• Hi All,

    I’m writing to start a discussion regarding market selection. I know many of us have heard Seth and others discuss what to look for in a market. It seems simply enough: close to a large metro area, rural, maybe some point of interest nearby. 

    Is there more to it? What are the considerations you prioritize when selecting a market? 


    I suppose I’ll mention the specific issue I’m wondering about: Market Saturation. I have been reviewing and comparing markets based on how much current inventory is listed for sale compared to historic sales, e.g. how many months of inventory is currently listed. The disparity between markets is crazy. Some places have 3 months of inventory listed, others have 4 years worth of inventory listed. Do you review this criteria, and do you have any rules of thumb in this regard?


    thanks!

    Eli

  • LIM

    Eli Powell - when you say 'months of inventory' - how are you quantifying this? Are you taking the average of every single vacant lot on the market?
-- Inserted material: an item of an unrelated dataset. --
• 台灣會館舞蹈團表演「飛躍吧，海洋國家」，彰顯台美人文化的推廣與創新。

If so, how are you filtering which listings show up in your search? And which website are you looking at?

    You might find this article (and video) from Jaren Barnes helpful: https://retipster.com/market-research

    In terms of market saturation, this is a bit relative, because it depends what types of properties you're referring to, and how much interest is being shown in each of those properties.

    For example - on Zillow, you can see how many views and saves each listing is getting.
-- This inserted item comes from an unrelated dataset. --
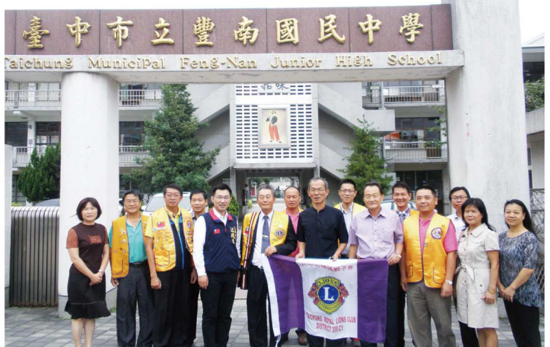
台中市精誠獅子會來校捐贈基金

    For example, if you see that each listing is getting less than a dozen views over the past month, this could be an indication that there aren't many people interested in these properties. If you list a similar property for sale in the same market, there probably won't be many people interest in yours either. However, if you see that the average listing is getting hundreds or thousands of views, then this would tell you that there are a lot of interested parties looking at properties like this.

    And of course, job growth, tourism, low unemployment and those other factors are also helpful things that can point you in the right direction.

  • LIM

    Eli Powell would love to understand how you pull the data to define and determine "market saturation."  if that's something that can be done efficiently and is sustainable, seems logical it would be another useful data point, especially if used to validate other demand research. analysis paralysis can keep us from mailing, so if determining "market saturation" is a sticking point, what's available already works just fine.  referring to observing the views and DOM on Zillow, visiting successful land investor disposition websites, and speaking with local experts, like a trusted RE agent. Combining just these three channels is enough to commit to a mail campaign (or not). 
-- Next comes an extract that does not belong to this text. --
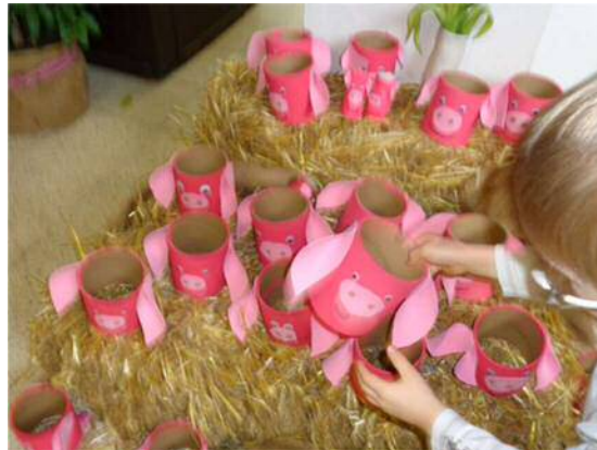
Bild 2: Das Glücksschwein, das Kinder unglücklich macht. Lorenz, 6 Jahre

Aus Zeit-, Platz und Geldmangel, aber auch aus Angst, dass Schüler/innen selbstständig vielleicht keine ansprechenden Bilder produzieren, lehren wir unsere Schüler/innen oft was möglichst einfach und leicht herzustellen ist und was von Erwachsenen als ansprechend, harmlos und dekorativ empfunden wird. Man könnte diese schnellen, produktorientierten Ergebnisse nach Gestaltungsvorlagen mit Erfolgsgarantie auch als Instant-Kunst bezeichnen. Sie besitzen keine persönliche, altersgemäße Handschrift. Nur mühevoll können Schüler/innen ihr eigenes Werk aus den vielen ähnlichen erkennen und entwickeln keinen Bezug zu ihrer eigenen Arbeit. (vgl. Pirstinger, 2016)

  • Sean and Seth- thanks for the time/reply. To roughly figure market saturation, I took the current for sale listings on Zillow and divided it by the last two year sales/24. This should result in an approximation of how many months of inventory is currently listed. 

    Seth- thanks for the reminder about checking views/interest in recently listed property. You mentioned this before but I forgot. This seems like a good measure.


  • I do what Seth does;  Check zillow and put in similar properties (land/acreage) then check the views and saves.  If there is movement then you can temp the market.  You can also check on sold properties in the last 6 months.

    I would also check the county website to see how user friendly.  I have properties in a couple counties of FL where I never have to call them, EVERYTHING is online, even vesting deed imagery etc.

    I am buying in a couple props in counties in West Texas right now that literally want me to mail in a check with paper request to get the vesting deed and GIS mapping.

  • LIM

    Eli Powell that's smart.  think i'll back test it to see if there's a correlation with success/failure in a given market.